As I can see, multiple PMD entries can be handled well in early_fixmap_init().
However, multiple PMD entries aren't handled in fixmap_copy(), as you said.

   early_fixmap_init
     early_fixmap_init_pud
       early_fixmap_init_pmd       // multiple PMD entries handled in the loop

Thanks,
Gavin

>>
>> Signed-off-by: Gavin Shan <gshan@redhat.com>
>> ---
>>   arch/arm64/mm/fixmap.c | 3 ++-
>>   1 file changed, 2 insertions(+), 1 deletion(-)
>>
>> diff --git a/arch/arm64/mm/fixmap.c b/arch/arm64/mm/fixmap.c
>> index c0a3301203bd..5384e5c3aeaa 100644
>> --- a/arch/arm64/mm/fixmap.c
>> +++ b/arch/arm64/mm/fixmap.c
>> @@ -18,10 +18,11 @@
>>   
>>   #define NR_BM_PTE_TABLES \
>>   	SPAN_NR_ENTRIES(FIXADDR_TOT_START, FIXADDR_TOP, PMD_SHIFT)
>> +#if CONFIG_PGTABLE_LEVELS > 2
>>   #define NR_BM_PMD_TABLES \
>>   	SPAN_NR_ENTRIES(FIXADDR_TOT_START, FIXADDR_TOP, PUD_SHIFT)
>> -
>>   static_assert(NR_BM_PMD_TABLES == 1);
>> +#endif
>>   
>>   #define __BM_TABLE_IDX(addr, shift) \
>>   	(((addr) >> (shift)) - (FIXADDR_TOT_START >> (shift)))
>> -- 
>> 2.41.0
>>
>
  
Mark Rutland Oct. 18, 2023, 9:42 a.m.

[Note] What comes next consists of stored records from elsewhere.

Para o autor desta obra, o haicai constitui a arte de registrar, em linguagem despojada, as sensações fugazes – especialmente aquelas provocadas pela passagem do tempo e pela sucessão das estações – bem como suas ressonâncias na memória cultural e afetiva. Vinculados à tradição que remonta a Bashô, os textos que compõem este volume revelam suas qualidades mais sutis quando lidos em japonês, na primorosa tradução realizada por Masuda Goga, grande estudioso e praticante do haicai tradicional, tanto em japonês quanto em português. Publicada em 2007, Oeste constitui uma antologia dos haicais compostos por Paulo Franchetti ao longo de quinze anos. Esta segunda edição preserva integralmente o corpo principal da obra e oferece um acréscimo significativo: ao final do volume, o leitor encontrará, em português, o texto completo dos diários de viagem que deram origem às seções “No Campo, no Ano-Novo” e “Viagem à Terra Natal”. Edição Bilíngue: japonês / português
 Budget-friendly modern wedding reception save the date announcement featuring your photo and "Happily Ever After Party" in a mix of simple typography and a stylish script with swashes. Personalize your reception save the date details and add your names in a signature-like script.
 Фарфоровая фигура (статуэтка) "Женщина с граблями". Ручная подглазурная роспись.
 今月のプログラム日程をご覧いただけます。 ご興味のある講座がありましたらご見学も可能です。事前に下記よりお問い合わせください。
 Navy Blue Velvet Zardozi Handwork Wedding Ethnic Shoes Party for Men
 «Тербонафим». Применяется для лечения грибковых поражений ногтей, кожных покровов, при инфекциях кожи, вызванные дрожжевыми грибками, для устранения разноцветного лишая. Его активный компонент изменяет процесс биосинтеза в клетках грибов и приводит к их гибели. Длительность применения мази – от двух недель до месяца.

UTC | #3
On Wed, Oct 18, 2023 at 04:33:09PM +1000, Gavin Shan wrote:
> Hi Mark,
> 
> On 10/17/23 21:05, Mark Rutland wrote:
> > On Tue, Oct 17, 2023 at 10:53:00AM +1000, Gavin Shan wrote:
> > > It's allowed for the fixmap virtual address space to span multiple
> > > PMD entries. Instead, the address space isn't allowed to span multiple
> > > PUD entries. However, PMD entries are folded to PUD and PGD entries
> > > in the following combination. In this particular case, the validation
> > > on NR_BM_PMD_TABLES should be avoided.
> > > 
> > >    CONFIG_ARM64_PAGE_SHIFT = 14
> > >    CONFIG_ARM64_VA_BITS_36 = y
> > >    CONFIG_PGTABLE_LEVELS   = 2
> > 
> > Is this something you found by inspection, or are you hitting a real issue on a
> > particular config?
> > 
> > I built a kernel with:
> > 
> >    defconfig + CONFIG_ARM64_16K_PAGES=y + CONFIG_ARM64_VA_BITS_36=y
> > 
> > ... which gives the CONFIG_* configuration you list above, and that works just
> > fine.
> > 
> > For 2-level 16K pages we'd need to reserve more than 32M of fixmap slots for
> > the assertion to fire, and we only reserve ~6M of slots in total today, so I
> > can't see how this would be a problem unless you have 26M+ of local additions
> > to the fixmap?
> > 
> > Regardless of that, I don't think it's right to elide the check entirely.
> > 
> 
> It's all about code inspection. When CONFIG_PGTABLE_LEVELS == 2, PGD/PUD/PMD
> are equivalent. The following two macros are interchangeable. The forthcoming
> static_assert() enforces that the fixmap virtual space can't span multiple
> PMD entries, meaning the space is limited to 32MB with above configuration.
> 
>   #define NR_BM_PMD_TABLES \
>           SPAN_NR_ENTRIES(FIXADDR_TOT_START, FIXADDR_TOP, PUD_SHIFT)
>   #define NR_BM_PMD_TABLES \
>           SPAN_NR_ENTRIES(FIXADDR_TOT_START, FIXADDR_TOP, PMD_SHIFT)
> 
>   static_assert(NR_BM_PMD_TABLES == 1);
> 
> However, multiple PTE tables are allowed. It means the fixmap virtual space
> can span multiple PMD entries, which is controversial to the above enforcement
> from the code level. Hopefully, I understood everything correctly.
> 
>   #define NR_BM_PTE_TABLES \
>           SPAN_NR_ENTRIES(FIXADDR_TOT_START, FIXADDR_TOP, PMD_SHIFT)
>   static pte_t bm_pte[NR_BM_PTE_TABLES][PTRS_PER_PTE] __page_aligned_bss;
> 

The intent is that the fixmap can span multiple PTE tables, but has to fall
within a single PMD table (and within a single PGD entry). See the next couple
of lines where we only allocate one PMD table and one PUD table:

    static pte_t bm_pte[NR_BM_PTE_TABLES][PTRS_PER_PTE] __page_aligned_bss;
    static pmd_t bm_pmd[PTRS_PER_PMD] __page_aligned_bss __maybe_unused;
    static pud_t bm_pud[PTRS_PER_PUD] __page_aligned_bss __maybe_unused;

The NR_BM_PMD_TABLES definition is only there for the static_assert().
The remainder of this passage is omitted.